# Extracted material
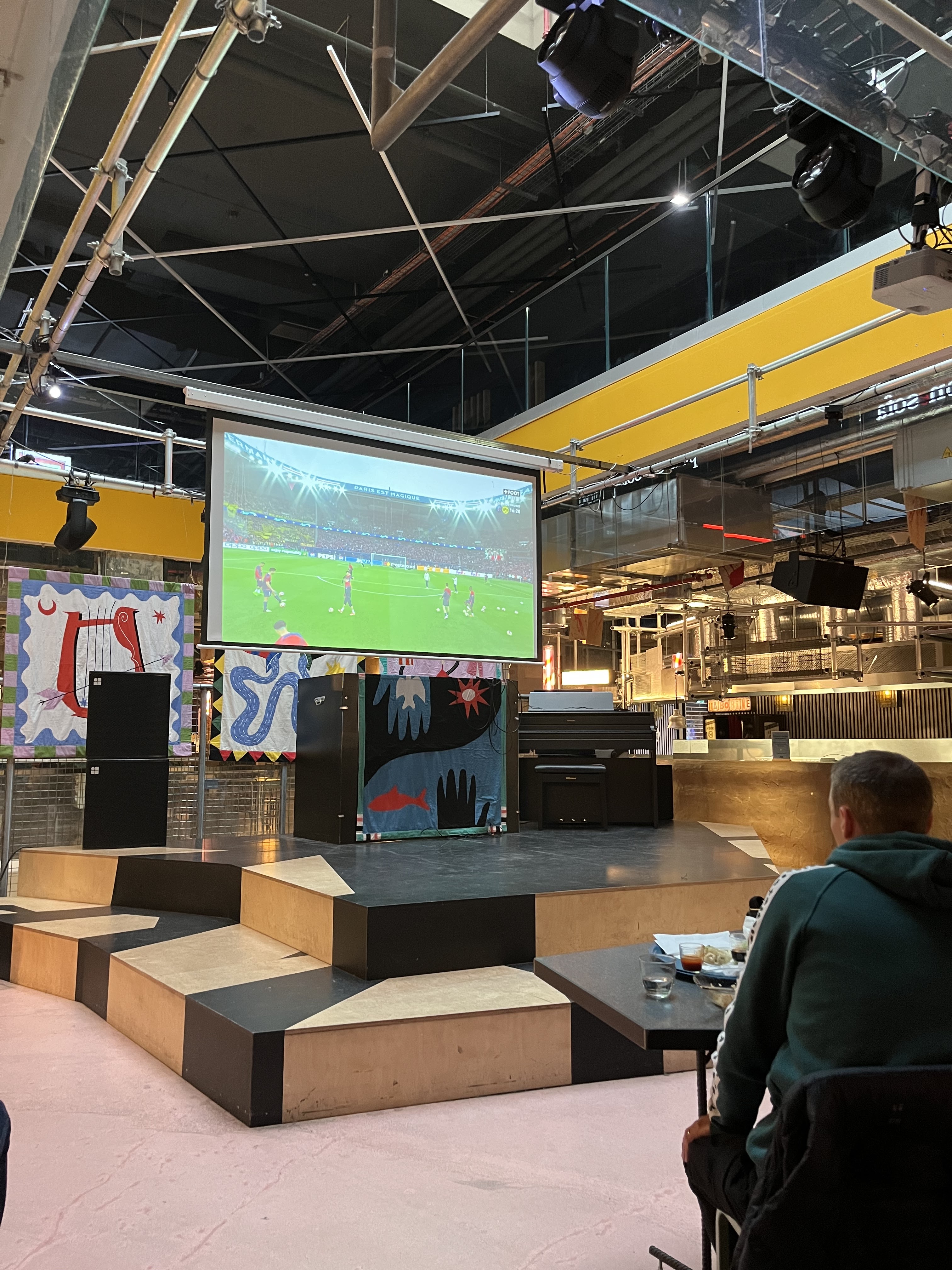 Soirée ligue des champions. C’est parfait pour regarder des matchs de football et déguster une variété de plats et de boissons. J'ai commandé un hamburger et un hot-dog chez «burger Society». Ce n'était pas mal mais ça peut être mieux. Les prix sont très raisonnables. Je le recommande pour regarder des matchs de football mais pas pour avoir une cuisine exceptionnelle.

---

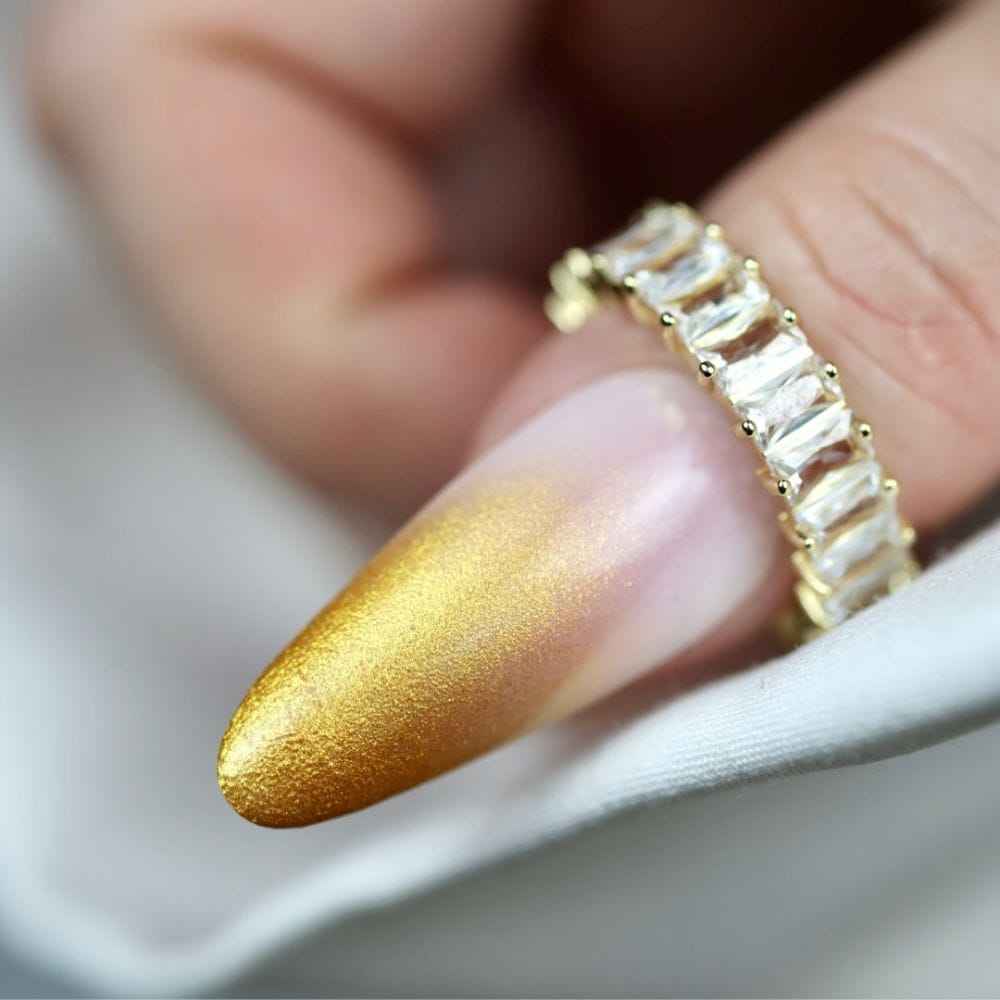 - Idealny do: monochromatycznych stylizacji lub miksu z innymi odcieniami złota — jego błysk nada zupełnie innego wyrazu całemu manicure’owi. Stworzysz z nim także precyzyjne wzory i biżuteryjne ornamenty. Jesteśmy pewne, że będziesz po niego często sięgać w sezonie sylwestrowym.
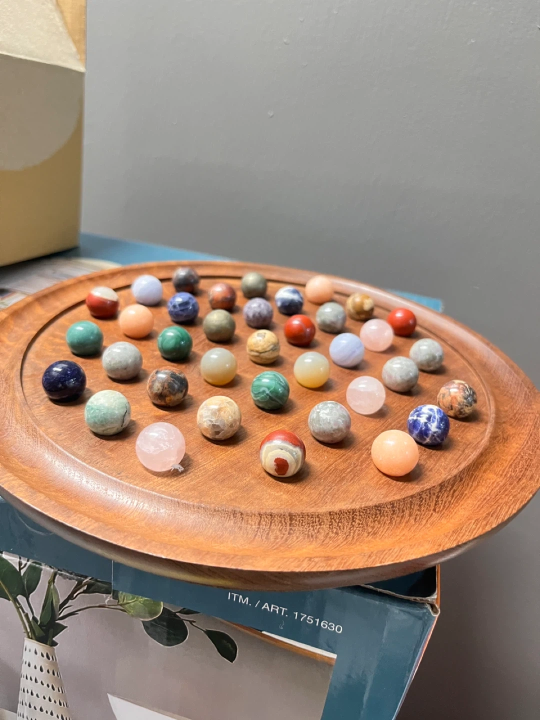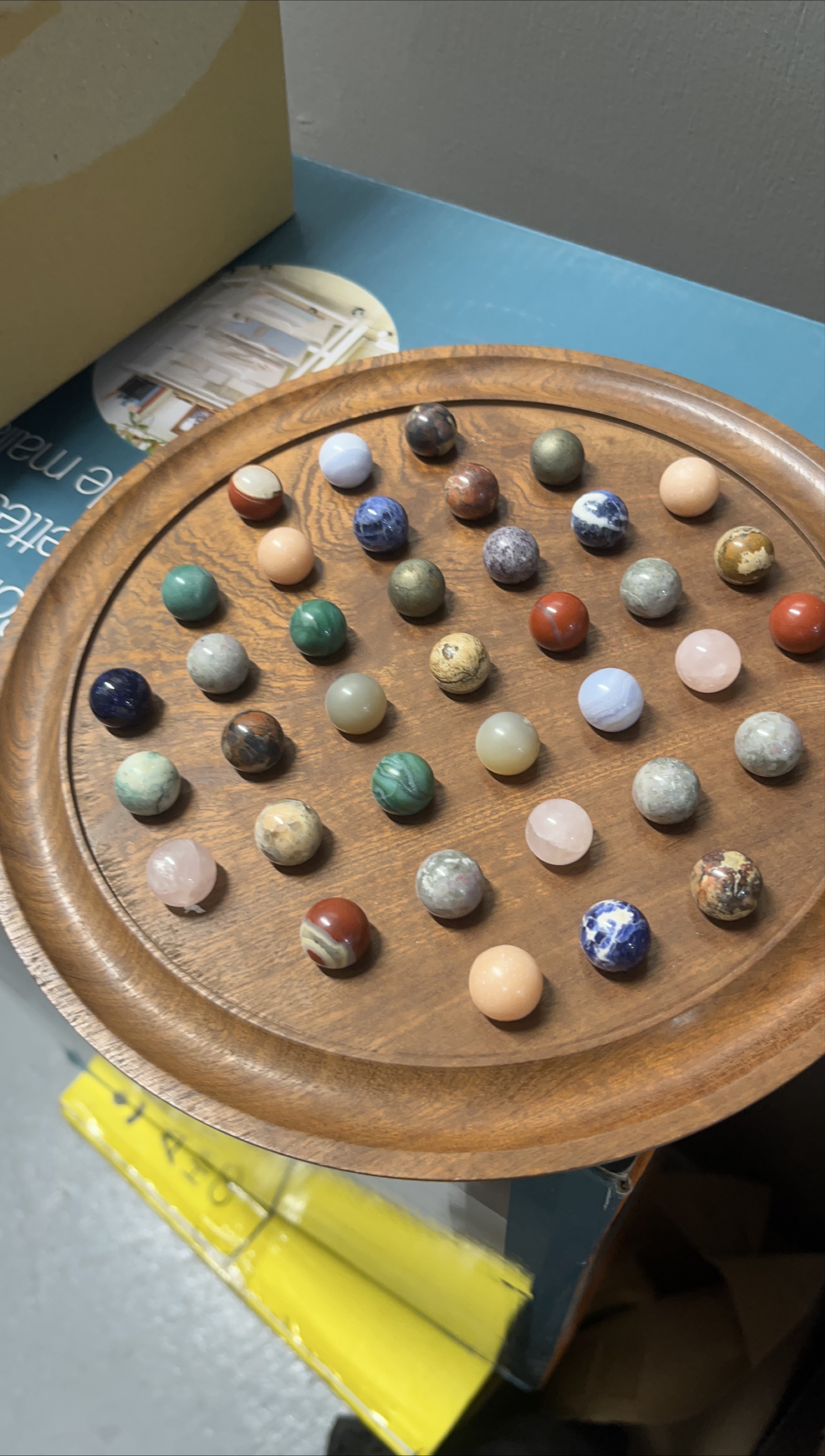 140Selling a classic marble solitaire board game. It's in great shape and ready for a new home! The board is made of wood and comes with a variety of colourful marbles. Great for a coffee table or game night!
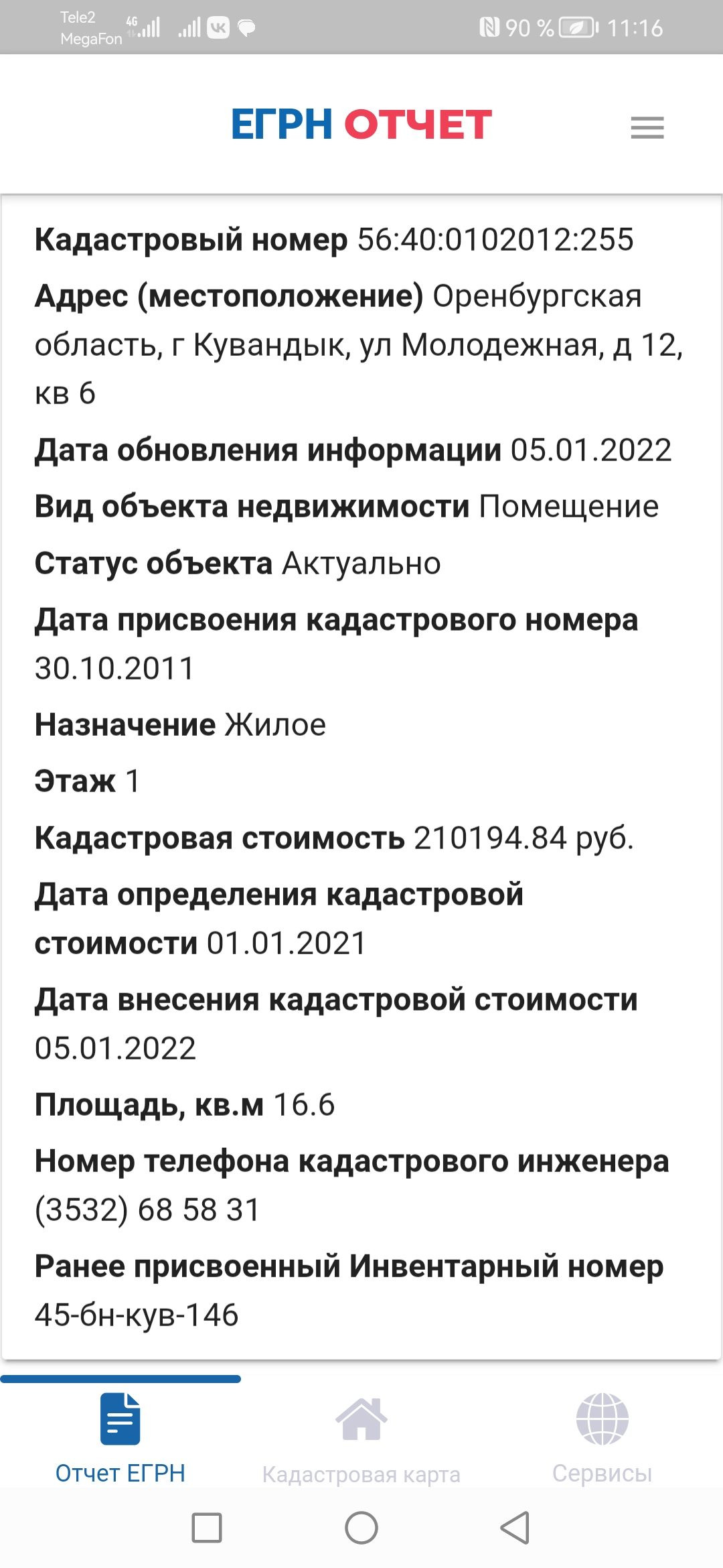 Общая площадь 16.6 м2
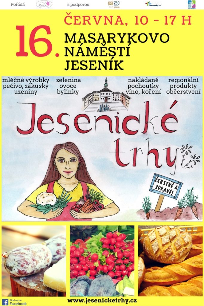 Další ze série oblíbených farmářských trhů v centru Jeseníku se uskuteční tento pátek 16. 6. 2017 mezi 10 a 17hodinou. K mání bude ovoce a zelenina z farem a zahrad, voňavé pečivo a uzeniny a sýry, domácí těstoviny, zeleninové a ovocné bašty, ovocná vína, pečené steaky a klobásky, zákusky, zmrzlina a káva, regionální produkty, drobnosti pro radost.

* * *

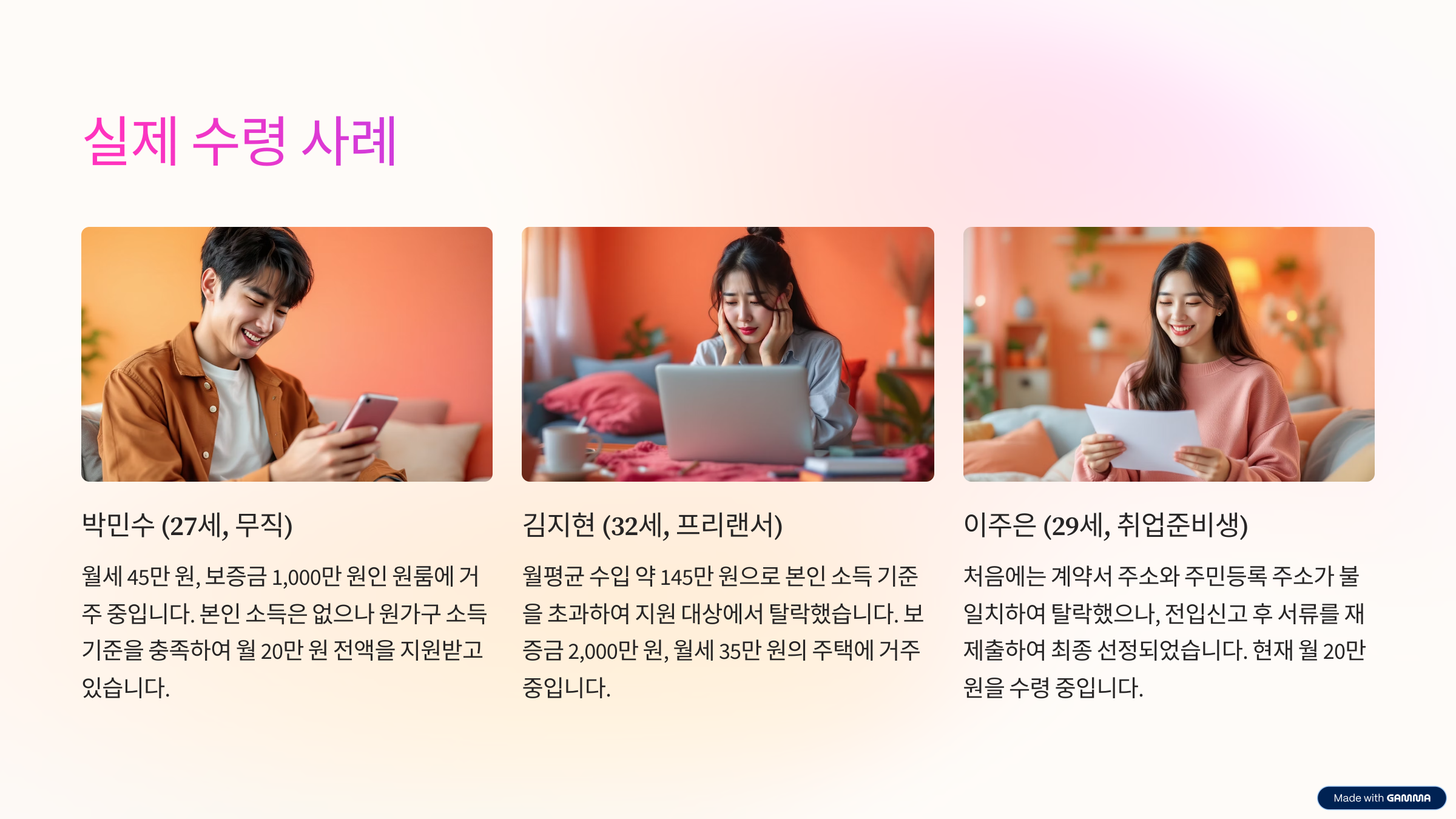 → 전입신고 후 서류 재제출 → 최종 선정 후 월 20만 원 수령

# Work item
Please return the data above exactly as it stands from the line with "Общая площадь 16.6 м2" to the line with "Další ze série", keeping both of those lines but none of the pictures.

# Written solution
 Общая площадь 16.6 м2
 Další ze série oblíbených farmářských trhů v centru Jeseníku se uskuteční tento pátek 16. 6. 2017 mezi 10 a 17hodinou. K mání bude ovoce a zelenina z farem a zahrad, voňavé pečivo a uzeniny a sýry, domácí těstoviny, zeleninové a ovocné bašty, ovocná vína, pečené steaky a klobásky, zákusky, zmrzlina a káva, regionální produkty, drobnosti pro radost.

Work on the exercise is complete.